Comedians often win laughs through clever use of certain forbidden words. While many people in Pennsylvania may hear or use those words casually, in some situations it is still deemed inappropriate or even dangerous to pepper one's conversation with words that are generally considered vulgar. In certain contexts, the use of colorful language may bring serious consequences to one's child custody rights.
Family court proceedings used to require witnesses to testify about things heard or said between disputing parents. However, these days, electronic communication seems to be the more common witness. A parent may save texts and emails to prove that the other parent is abusive or unfit. Often, those messages contain words that are deemed inappropriate. In fact, some courts consider the use of those particular words, in certain contexts, to be a form of domestic violence.
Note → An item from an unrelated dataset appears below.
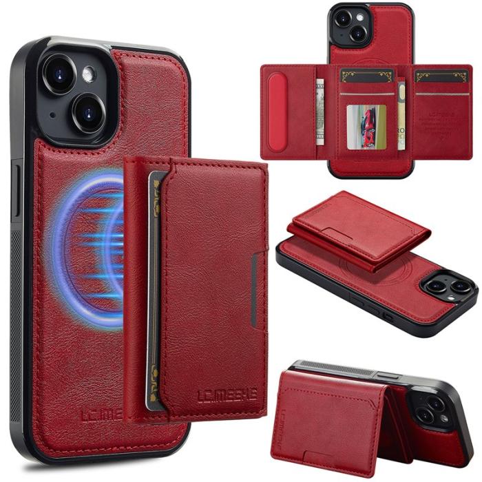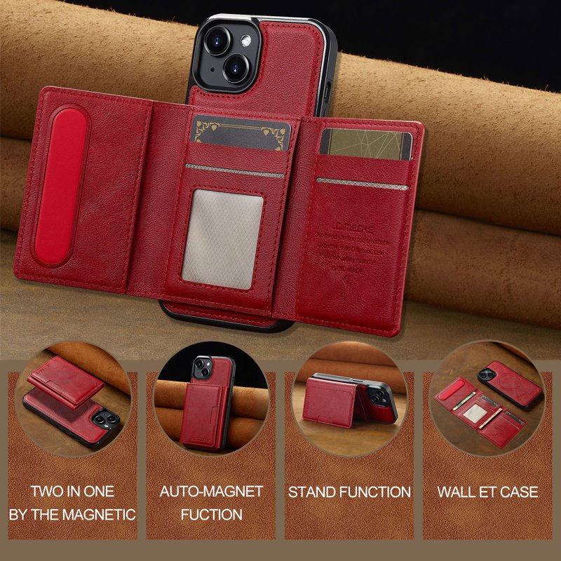 LC.IMEEKE L5 iPhone 14 Fodral Äkta läder - Röd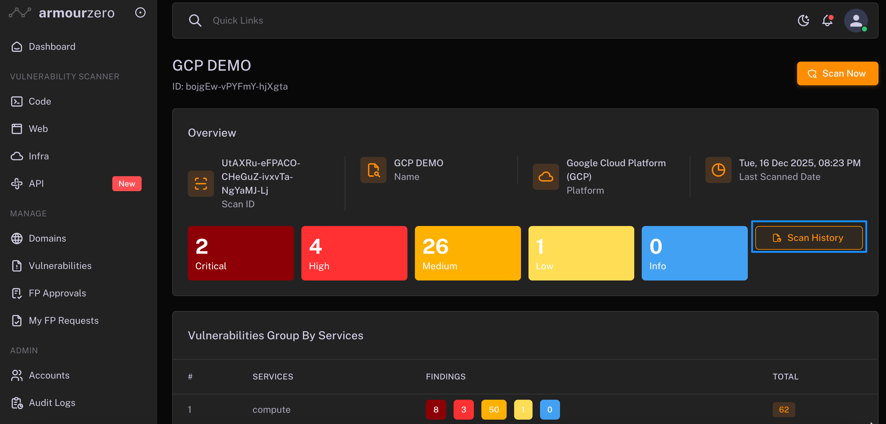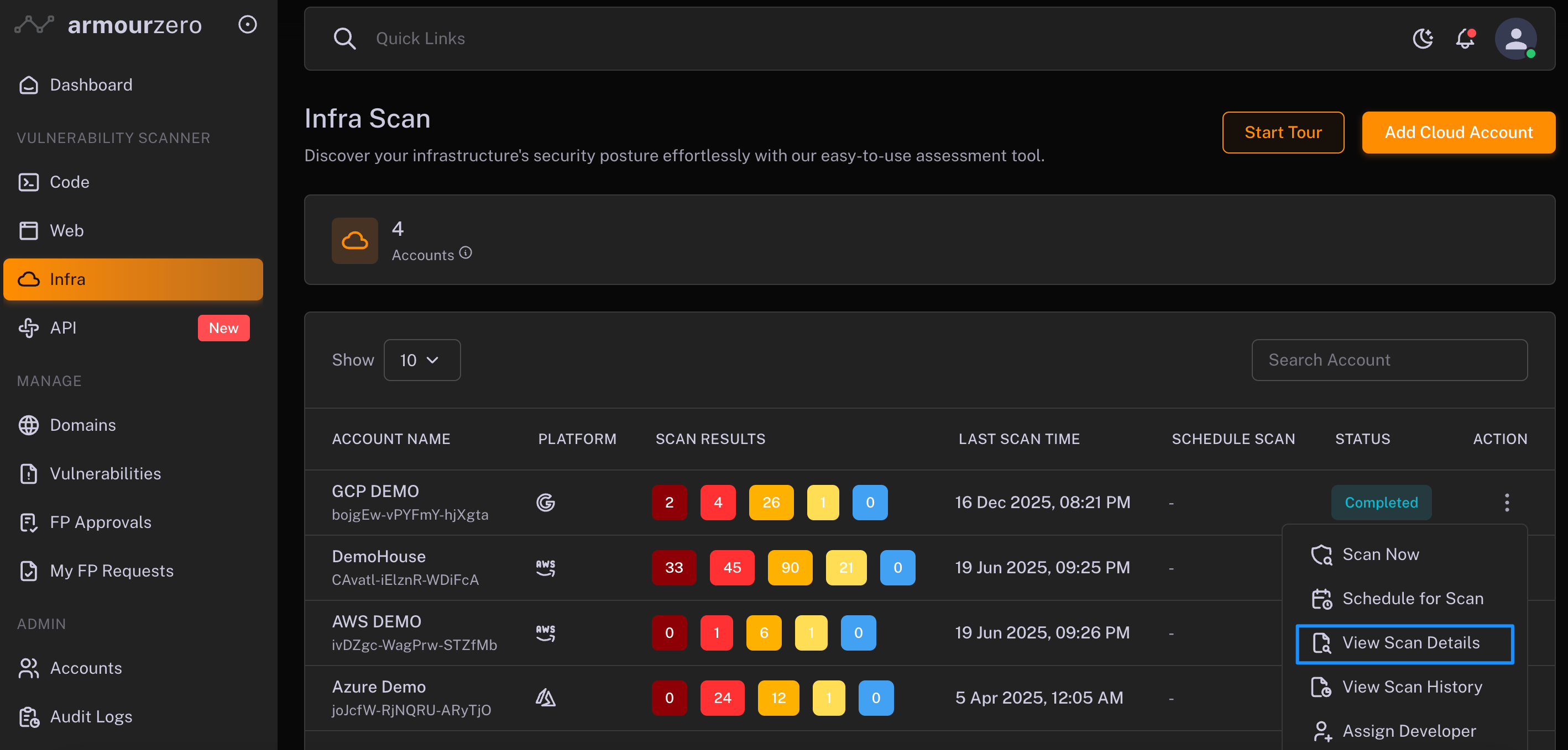 1. Go to left menu and select "Infra" under VULNERABILITY SCANNERS section. Click on the Account Name ID or the three dots action icon on the account name, select "View Scan Details".

If a court finds that the language used in communications with a co-parent harasses or disturbs the peace of that parent, the parent who sent the messages may have restrictions placed on his or her rights of custody. When it comes to determining the best interests of a child, courts may not consider the use of colorful language a right of free speech. This may be especially true if the words are used to describe or threaten the parent receiving the message.
Even though comics may use vulgarity to get a laugh, child custody disputes are seldom funny. People in Pennsylvania may be surprised to learn how seriously their texts or emails are taken in family court, and how powerfully certain words may affect their rights as parents. In cases when a parent's relationship with his or her children is in dispute, contacting an attorney for advice may be the best course of action.